Designing Cloud Servers for Lower Carbon
- Jaylen Wang ,
- Daniel S. Berger ,
- Fiodar Kazhamiaka ,
- Celine Irvene ,
- Chaojie Zhang ,
- Esha Choukse ,
- Kali Frost ,
- Rodrigo Fonseca ,
- Brijesh Warrier ,
- Chetan Bansal ,
- Jonathan Stern ,
- Ricardo Bianchini ,
- Akshitha Sriraman
ISCA |
Major cloud providers intend to reduce carbon emissions by 2030, which requires effective interventions with short deployment timelines. We find that designing carbon-efficient compute server SKUs, or GreenSKUs, is a promising avenue as compute servers cause the majority of cloud emissions. However, designing GreenSKUs has several adoption challenges.
To address GreenSKU design challenges for the first time, we develop a systematic methodology and associated framework, GSF, that helps cloud providers make informed GreenSKU design and deployment decisions. GSF enables designing GreenSKU servers and evaluating their end-to-end performance and carbon impacts. GSF accounts for tradeoffs between different emission types and application performance requirements. We apply GSF within a leading cloud provider’s production constraints to make a systematic case for designing and deploying GreenSKUs.

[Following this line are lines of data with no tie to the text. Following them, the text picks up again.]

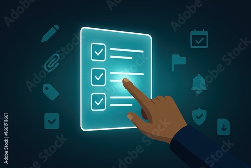 hand, checklist, digital, glowing, task, completion, interface, dark, background, modern, technology, touch, screen, light, graphic, illustration, design, business, productivity, work, virtual, progress, app, list, item, select, beautiful, colourful, bright, creative, elegant, stylish, professional, decorative, vibrant, stunning, amazing, marvellously, fantastic, gorgeous, lovely, charming, attractive, impressive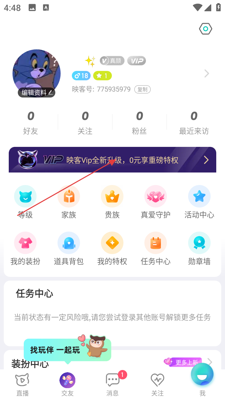 2、进入个人页面后,点击【映客Vip全新升级,0元享重磅特权】区域,进入映客会员页面。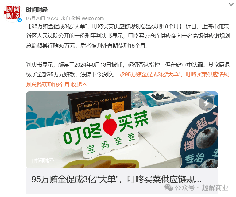 “趣解商业”注意到,不止叮咚买菜,盒马、美团小象等多家零售商的采购或物流负责人都出现过利用职务之便收取合作商好处的舞弊事件。供应链涉及多方合作,零售企业想要坚守长期主义,内部恐怕要构建起更完善的监督机制。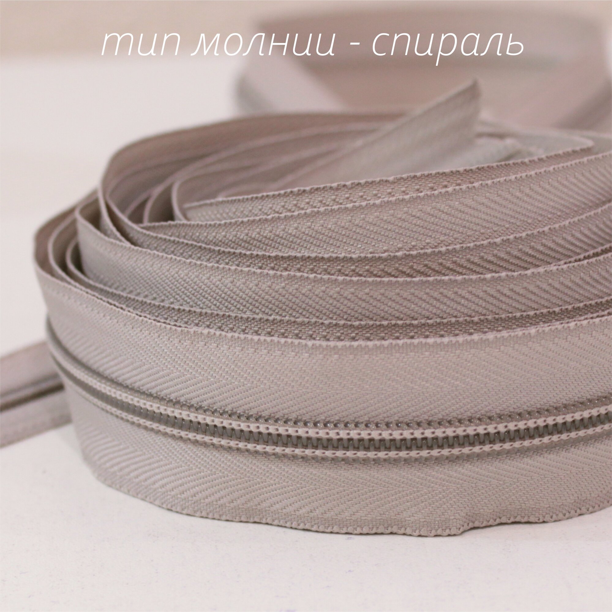 Молния рулонная 5 м. бегунки 10 шт. светло-серый цвет

We build a new GreenSKU and use GSF to show that it reduces carbon emissions per customer core by 29% compared to currently-deployed cloud servers. When deploying GreenSKUs in a way that meets applications’ performance requirements, we reduce emissions by 16%. When incorporating overall data center overheads, GreenSKU reduces cloud emissions by 9%.